Compensation and employee benefits expenses increased from 2Q16, primarily due to increased costs to support new business, higher incentive compensation and annual merit increases, costs related to the acquired GEAM business, and regulatory initiatives, partially offset by Beacon savings. Compared to 1Q17, compensation and employee benefits expenses decreased, primarily due to 1Q17 expenses associated with the seasonal deferred incentive compensation expense for retirement-eligible employees and payroll taxes as well as Beacon savings, partially offset by timing of incentive compensation and annual merit increases, increased costs to support new business, as well as the impact of the weaker U.S. dollar.

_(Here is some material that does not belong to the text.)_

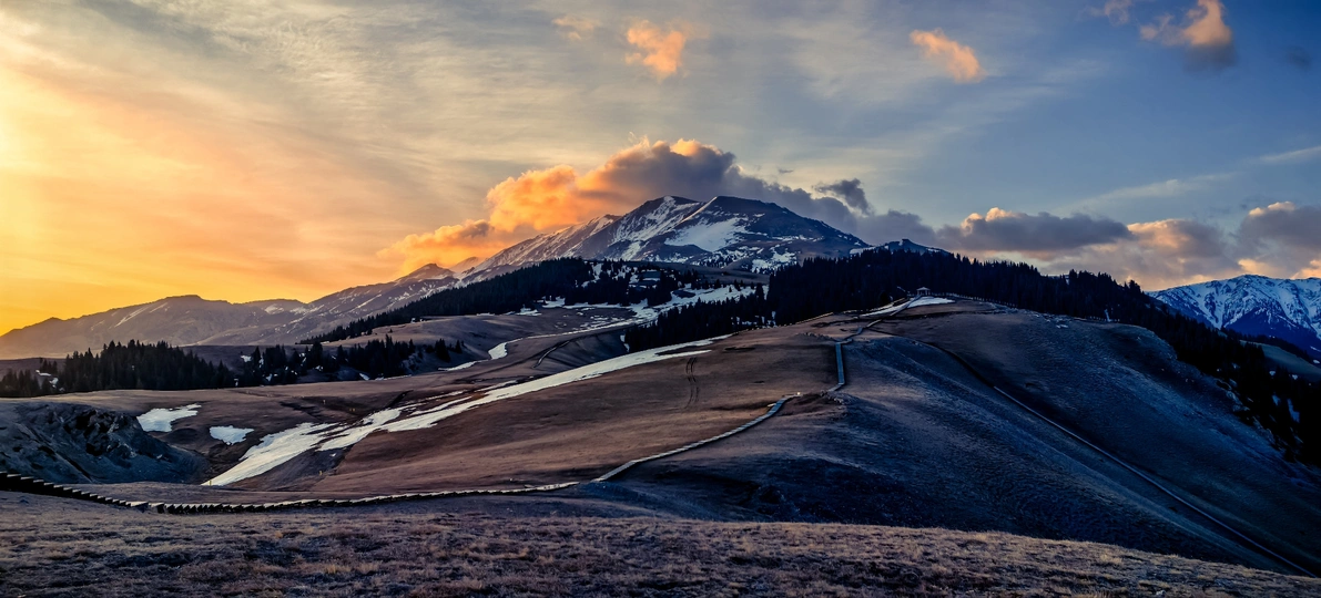 在果子沟大桥附近的露营地,拍摄了雪山上的日出,表现雪山日出时分令人叹为观止的美景和瞬间。
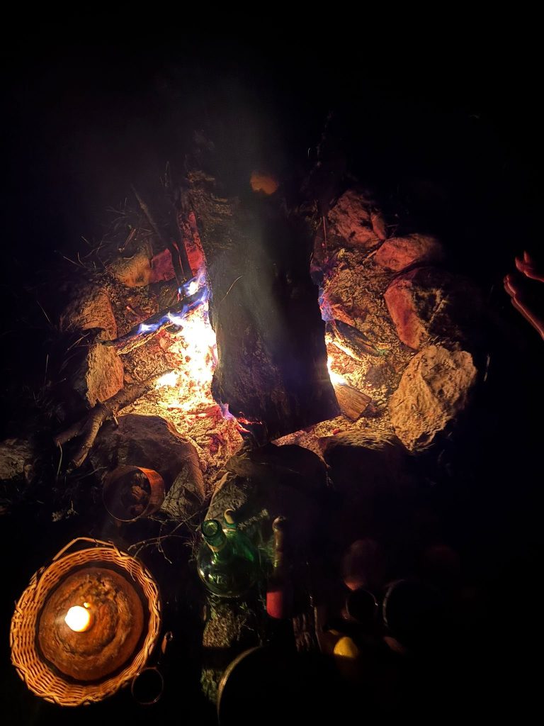 След това се пали ритуалния огън, който ще служи и за олтар за тази вечер. Започват древните мистерии….

Information systems and communications expenses increased from 2Q16, primarily due to technology infrastructure costs, new business and State Street Beacon.

Transaction processing services expenses increased from 2Q16 and 1Q17. The increase from both periods reflects higher client volumes.

Occupancy expenses increased compared to 2Q16, primarily due to the acquired GEAM business and Beacon-related global footprint investments. Compared to 1Q17, occupancy expenses increased, primarily due to Beacon-related global footprint investments.

Other expenses increased from 2Q16, primarily reflecting increased costs associated with the acquired GEAM business and higher regulatory and insurance expenses, partially offset by lower legal related costs. Other expenses decreased from 1Q17, primarily due to lower legal related costs.

2Q17 acquisition and restructuring costs of $71 million increased from $20 million and $29 million compared to 2Q16 and 1Q17, respectively.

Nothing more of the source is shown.